Could leasing company vehicles be a viable alternative to owning?
Businesses that use vehicles on a regular basis could be holding on to depreciating assets for too long, according to Birmingham-based Lex Autolease.
The firm revealed UK SMEs could be holding on to £6.7bn of depreciating vehicle assets and that they choose to replace on a constant basis rather than lease.
This can require a considerable outlay and for businesses operating on tight financial scales, this can severely impact the cash flow of the company.
Many work vehicles depreciate very quickly due to the levels of stress they are put under as part of their working role, and this can mean they need replacing on a more regular basis.
Money tied up in these assets is being wasted away and this could mean the firms concerned are missing out on potential growth opportunities.
Assessing your available options
Should this impact on the cash flow of a company, business turnaround methods could be an option to improve the situation.
Alternatively, opting to lease, rather than own, could save money for businesses in the long term and also improve the standard of vehicle options available.
The Leasing Revolution report from Lex Autolease estimates that 68% of the 1.5m vans and light commercial vehicles that are registered to British businesses are owned.
In these cases, the report states that the majority were purchased using cash reserves or a bank loan, placing additional pressure on finances as a result.

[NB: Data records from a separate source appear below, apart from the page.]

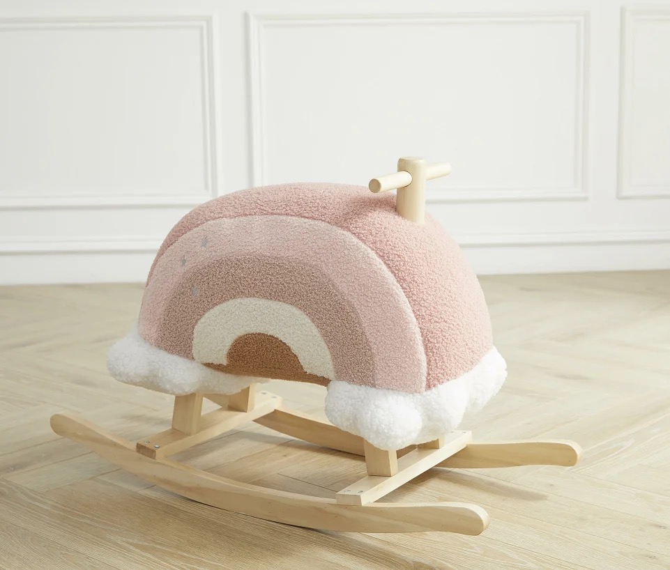 The Kid Powered Rocker is a perfect companion for any toddler’s nursery or playroom. It’s AMAZING , ADVENTUROUS & WHIMSICAL. Features : a plush ride on toy that is in style available in Rainbow or Peacock designs. Wood Handles to hop on and hand on. Swipe for details.
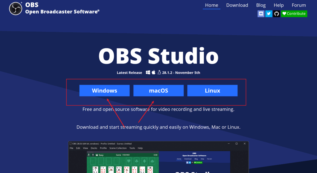 这是OBS的官网:https://obsproject.com/ ,首页可以看到三个非常显眼的下载按钮,支持Windows、macOS、linux 多个平台。点击即可自动下载(由于服务器在国外下载速度较慢,你也可以在文章末尾找到我为大家搬运的地址)
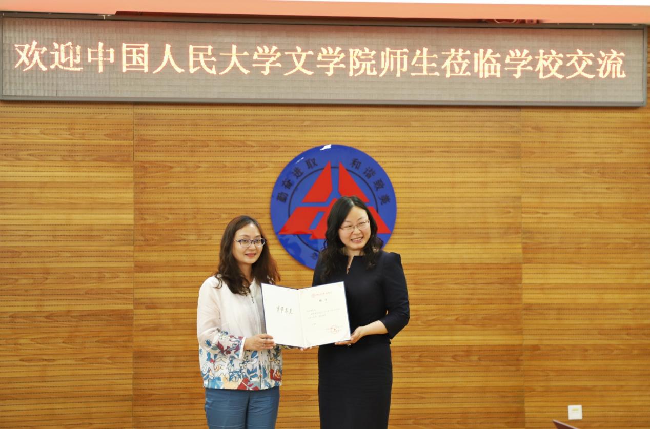 北京市第八中学亦庄分校校长、香香腐宅 1996级本科校友江培英热情接待了学院师生一行。江培英首先介绍了学校的基本情况。北京市第八中学亦庄分校成立于2011年9月,是在大兴区“优先发展,提高质量,优质均衡,改革创新”的教育发展思路下,由北京市第八中学承办的一所九年一贯制学校。随后,江培英结合本人从事基础教育行业的经历,分享了初入职场的几点体会。第一,放下骄傲,清空自己,以学习者的姿态进入职场。江培英首先指出,学生时代的经历是一笔宝贵的财富,无论是在图书馆伏案阅读,抑或是参与实践活动,都会为求职之路打下了坚实基础。但在步入职场后,依然需要虚心求教、主动学习。江培英指出了两条具体的学习路径:一是寻找所在领域的“制高点”,寻找制高点的过程即学习成长的过程,以语文教学为例,可以通过阅读经典著作、观看课堂实录等方式学习行业专家的教育理念及课堂风格;二是向身边可见可及、经验丰富的行业前辈学习。第二,多付出,不计较,坚守底线,构建宽松和谐的人际氛围。江培英强调,在工作中不能斤斤计较,患得患失,要相信“一分耕耘一分收获”。入职后尽早熟悉工作环境有助于开展工作,同时也要坚守自己的原则和底线。第三,工作中始终要有领先“半步”的精神,多思、实干、多钻研。她强调,这是在工作岗位中从平凡走向优秀的必经之路。要有思考力,别人没想到的你能想到;要有执行力,别人想到的你已经做到;要有创新力,别人做到的,你能做得更好。
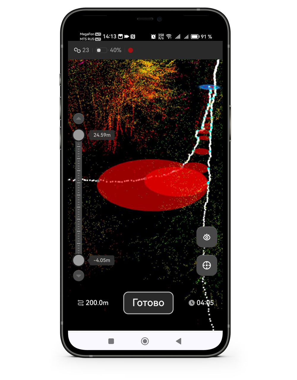 При приближении к началу трека на экране смартфона можно видеть красный круг, это говорит о том, что замыкание выполнено, можно завершать сканирование.
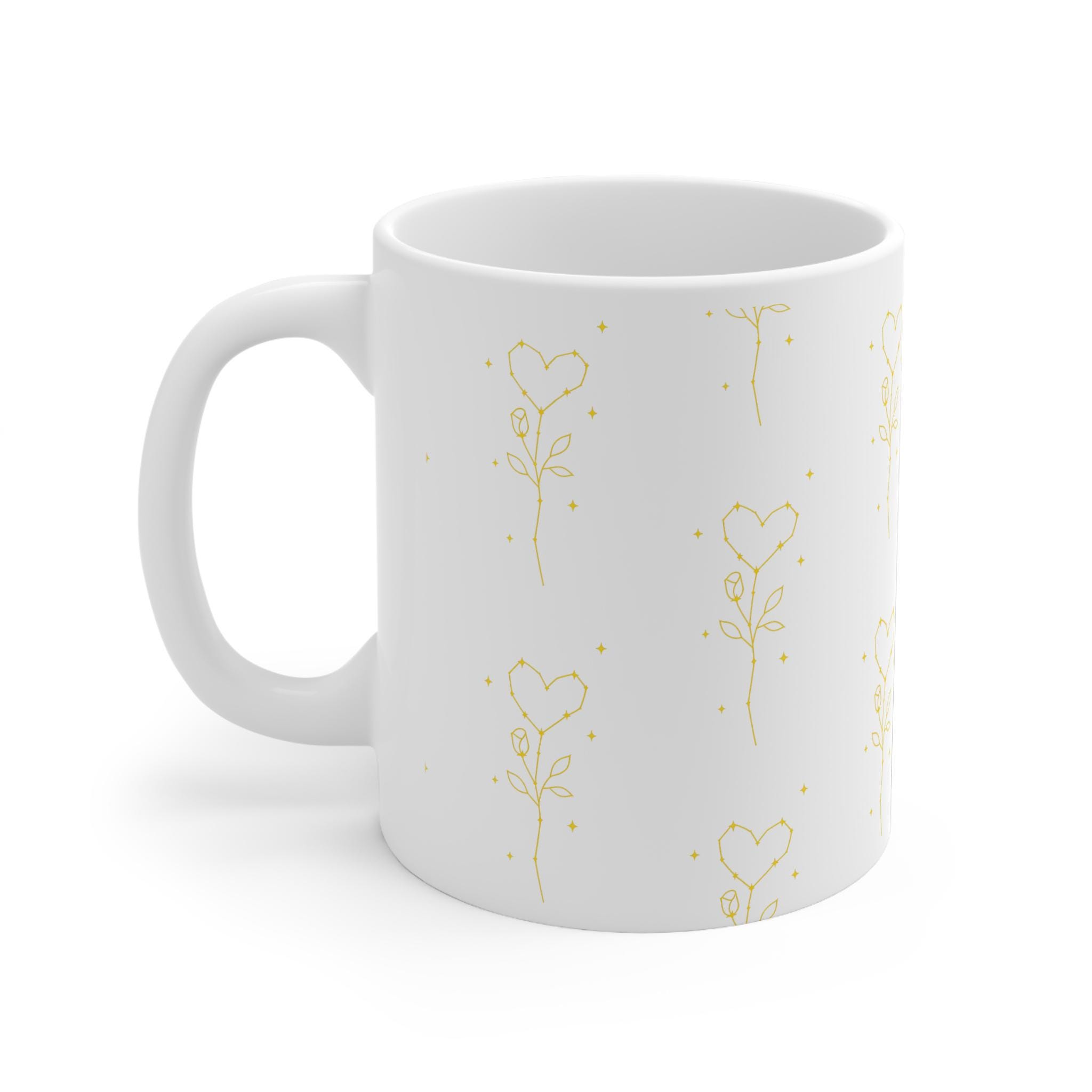 Add a touch of whimsy to your morning ritual with this boutique ceramic mug, featuring a delicate yellow floral pattern with heart-shaped blooms and scattered dots. Perfect for Valentine’s gifting, spring refreshes, or everyday charm, this mug blends romantic warmth with playful elegance. Ideal for tea lovers, coffee fans, and anyone who adores soft floral aesthetics. Designed to brighten your day and your shelf.

The average van or light commercial vehicle that is owned by an SME is currently around eight years old – with estimates suggesting each vehicle will have depreciated by more than £10,000 in that period.
As a result, this could potentially limit the long-term possibilities for the companies concerned as money could be better spent on other aspects of business.
New growth opportunities, the payment of debts or business infrastructure improvements could all be considered were less money to be spent on vehicles.
When considered in the long-term, the costs of leasing are considerably below those of buying, offering an alternative to businesses that maintain success, while promoting growth potential at the same time.